In this post however I will use the idea that prediction error minimization happens over time to motivate the range of activities the brain engages in to safeguard its ability to minimize error.
Assume the brain harbours models of the environmental causes of its sensory input. On the basis of these models, it generates predictions about what the next sensory input will be. These predictions occur concurrently on several time scales, ordered hierarchically up through the cortex. In this way the sensory input is predicted under expectations of what might happen very soon and also under expectations about how what may happen very soon is influenced by what happens at slower time scales (I might expect sensory input as of a leaf dropping to the ground, and that expectation is modulated by my expectations about the windy conditions, and by my expectations about the lighting at this time of day).
Perception happens, then, as the model generates expectations that anticipate the actual sensory input. The parameters of the model predictions will be updated in the light of any prediction error in approximate Bayesian inference: prediction error is weighted by how much we already know (the prior precision), by how much we are learning from the input (the likelihood precision). What we perceive is then determined by the currently best performing predictions.
It is clear that if predictions are not informed by longer-term expectations, then it will be hard to predict sensory input very well (the trajectory of the leaf will be hard to anticipate, and the precision of the sensory input at dusk may be confounding). This follows from the simple observation that we live in a world where causes interact (cf. the famous cat behind the fence). This kind of ‘convolving’ of expectations based on causal regularities at different time scales ensures that perceptual inference, via prediction error minimization, can capture the full, integrated richness of perception. This is made possible by incorporating a long term perspective on prediction error minimization. Here we immediately get a learning (and memory) perspective because building up a hierarchical model then requires extracting causal regularities over various time scales and using them to predict better.
The idea so far is that there is a rich, top-down cascade of interwoven predictions, which seeks to dampen down the sensory input.

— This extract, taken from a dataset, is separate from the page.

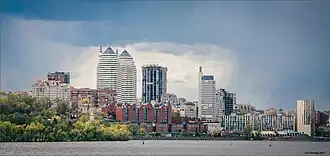 In the 15th century the area became part of the Kiev Voivodeship (1471–1565) of the Polish–Lithuanian Commonwealth.[36] Archeological finds in today's Dnipro's urban district Samarskyi District suggest that the important river crossing was a trading settlement from at least 1524.[37] In 1635, the Polish–Lithuanian Commonwealth built the Kodak Fortress above the Dnieper Rapids at Kodaky on the south-eastern outskirts of modern Dnipro near the current Kaidatsky Bridge,[19] only to have it destroyed within months by the Cossacks of Ivan Sulyma.[38] Rebuilt in 1645,[19] it was captured by Zaporozhian Sich in 1648.[37]
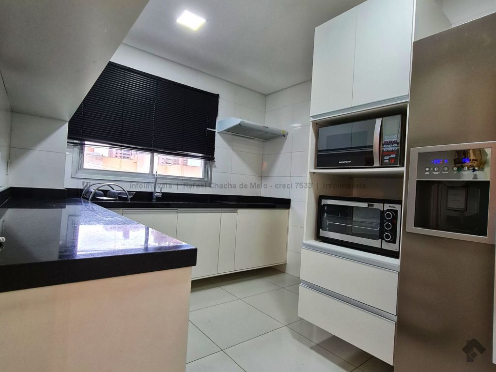 Espetacular edifício com 03 vagas de garagem no subsolo, sendo composto de três quartos, sendo 01 suíte com closet e 02 quartos com armários planejados, 04 banheiros, dependência de empregada, aquecedor de água, ar condicionados inverter na sala e quartos, cozinha com armários planejados, fogão de vidro de indução, venezianas nos quartos e sala com cortina sob medida, acabamento em gesso em 3D, tudo incluso.

This can be conceived as driving top-down messages. But we also need a specific type of modulating top-down messages. This is because levels of uncertainty change in the world and thereby the trustworthiness or precision of the bottom-up prediction error changes in a context or state-dependent manner. (To take a long-term example, even if I have learnt to expect certain kinds of rainfalls in certain seasons I might have to adjust this in the light of a shift from La niña to El niño, such that a bit of rain can’t be trusted as a sign of a good season). This is important because if model parameters are to be updated optimally in the light of prediction error then there needs to be an estimation of the precision of that prediction error (it is no good to change the hypothesis in the light of an imprecise measurement). This calls for building up expectations of the precisions of prediction errors, that is, expectations for in which contexts prediction errors tend to be trustworthy. This is just more prediction error minimization, but of a higher statistical order (for example, we can be surprised at the precision of prediction error). Rather interestingly, this gives us attention. This is because attention is allocation of resources to worthwhile signals, and expectations of precisions can guide prediction error efforts to worthwhile or precise signals. There is of course much more to say about this idea but it is enormously appealing because it brings attention in at the ground level and as separate from from, yet intricately related to, perception.
This gives us perception, learning and attention direct from PEM. Next think about what I will (somewhat artificially) call understanding. I conceive of understanding as having a reasonable model for making sense of a domain, even if there is still uncertainty about the states of the domain. The opposite of understanding is confusion, which is not knowing which model can reasonably be appealed to. Whereas perception seeks to minimize uncertainty about what causes the sensory input, understanding is concerned with selecting a reasonable model with which to minimize uncertainty. For example, if you see a dice showing some number of eyes, confusion will ensue if you think of that input under a coin tossing model. It is clear that prediction error minimization is helped by selecting good models since the wrong model will be no good at anticipating the next input. A good model also captures the given input in a minimally complex fashion, without too many unnecessary parameters. If the model is overfitted then it will be poor at predicting what the next series of input is going to be. Overfitting may give decent momentary or short term prediction error minimization but is bound to fail in the long run. Hence we should expect the prediction error minimizing brain to be engaged in model selection and complexity reduction, in other words, that it will aim at understanding.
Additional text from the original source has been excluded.